5. Infeksi saluran nafas berulang, mudah lelah. 6. Apnea, Tachypnea 7. Nasal flaring 8. Retraksi dada 9. Hipoksemia 10. Peningkatan kebutuhan ventilator (sehubungan dengan masalah paru). (Suriadi, Rita Yuliani, 2001 ; 236, Betz & Sowden, 2002 ; 376).

E. Tanda dan gejala 1. Pada saat bayi: Saat lahir dapat dijumpai gangguan pernapasan. Pada yang berat bahkan dapat berakibat kematian. Pada penyakit jantung bawaan biru, anak tampak biru meskipun tidak sesak napas dan aktif. Namun demikian, pada yang kompleks gejala sesak napas dan biru dapat nampak bersamaan Pada beberapa kasus yang berat dan kompleks, bayi baru lahir segera memburuk dan meninggal dalam waktu dua hari bersamaan dengan menutupnya pembuluh arteriosus Botalli. Penyakit jantung bawaan yang terakhir ini disebut sebagai penyakit jantung bawaan yang bergantung pada duktus. Anak menetek tidak kuat, sering melepaskan puting ibu istirahat sebentar kemudian melanjutkan minum lagi. Saat menetek/minum, bayi nampak berkeringat banyak di dahi, napas terengah-engah. Minum tidak bisa banyak dan tidak lama. Berat badan tidak naik-naik atau naik kurang dari grafik/pita pertumbuhan yang sesuai pada KMS. Anak sering sakit batuk dan sesak napas yang sering disebut sebagai pneumonia atau bronkopneumonia. Daya tahan tubuh terhadap penyakit kurang, sebagai akibatnya bayi sering sakit-sakitan. Anak yang menderita penyakit jantung bawaan biru, saat lahir nampak kebiru-biruan di mulut dan lidah serta ujung-ujung jari, meskipun anak tampak aktif ceria dan menangis kuat. Pada beberapa anak, warna kebiruan pada mulut, lidah dan ujung-ujung jari tersebut baru nampak setelah berusia beberapa bulan.

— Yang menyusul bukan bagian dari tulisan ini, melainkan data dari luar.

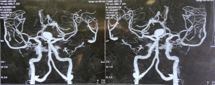 - CT brain and angiography revealed a ruptured basilar apex aneurysm.

Serangan biru dapat terjadi pada anak dengan penyakit jantung bawaan biru yang ditandai dengan bayi menangis terus menerus tidak berhenti-berhenti. Anak tampak semakin biru, napas tersengal-sengal. Bila berat, dapat mengakibatkan kejang bahkan kematian. Kelainan jantung sering juga ditemukan secara tidak sengaja oleh dokter pada saat bayi berobat utk penyakit lainnya atau saat datang untuk imunisasi. Dokter mendengar adanya bising jantung saat memeriksa jantung bayi dengan menggunakan stetoskop 2. Gejala pada anak Berat badan anak naik tidak memuaskan dengan kata lain pertumbuhannya terhambat Perkembangan terlambat Cepat lelah saat bermain, napas terengah-engah, berkeringat banyak lebih dari anak yang lain. Anak yang menderita PJB biru: tampak kebiruan pada mulut, lidah dan ujung-ujung jari, sering jongkok saat bermain, ujung jari membulat sehingga jari2 tampak seperti pemukul genderang. Serangan biru ditandai dengan napas terengah-engah, anak tampak lebih biru daripada biasanya, bila berat mengakibatkan anak pingsan bahkan kematian.Pertumbuhan dan perkembangannyapun terlambat 3. Pada remaja Tanda-tanda masa remajanya terlambat, misalnya pada anak perempuan terlambat haid, payudara masih rata. Pada anak laki-laki pertumbuhan cepatnya tertunda. Anak tampak kurus Aktivitas tidak mampu berlari jauh atau bermain lama seperti anak lainnya Sering batuk-batuk dan napas terengah-engah Berkeringat banyak pada wajah saat beraktivitas

Pada yang sudah diketahui menderita kebocoran jantung, bila sampai remaja tidak ada tindakan koreksi, dapat mengakibatkan sindroma Eisenmenger, yaitu anak yang semula tidak sianosis (biru), mulai nampak kebiruan seperti penderita PJB sianotik. Kondisi ini sangat berbahaya.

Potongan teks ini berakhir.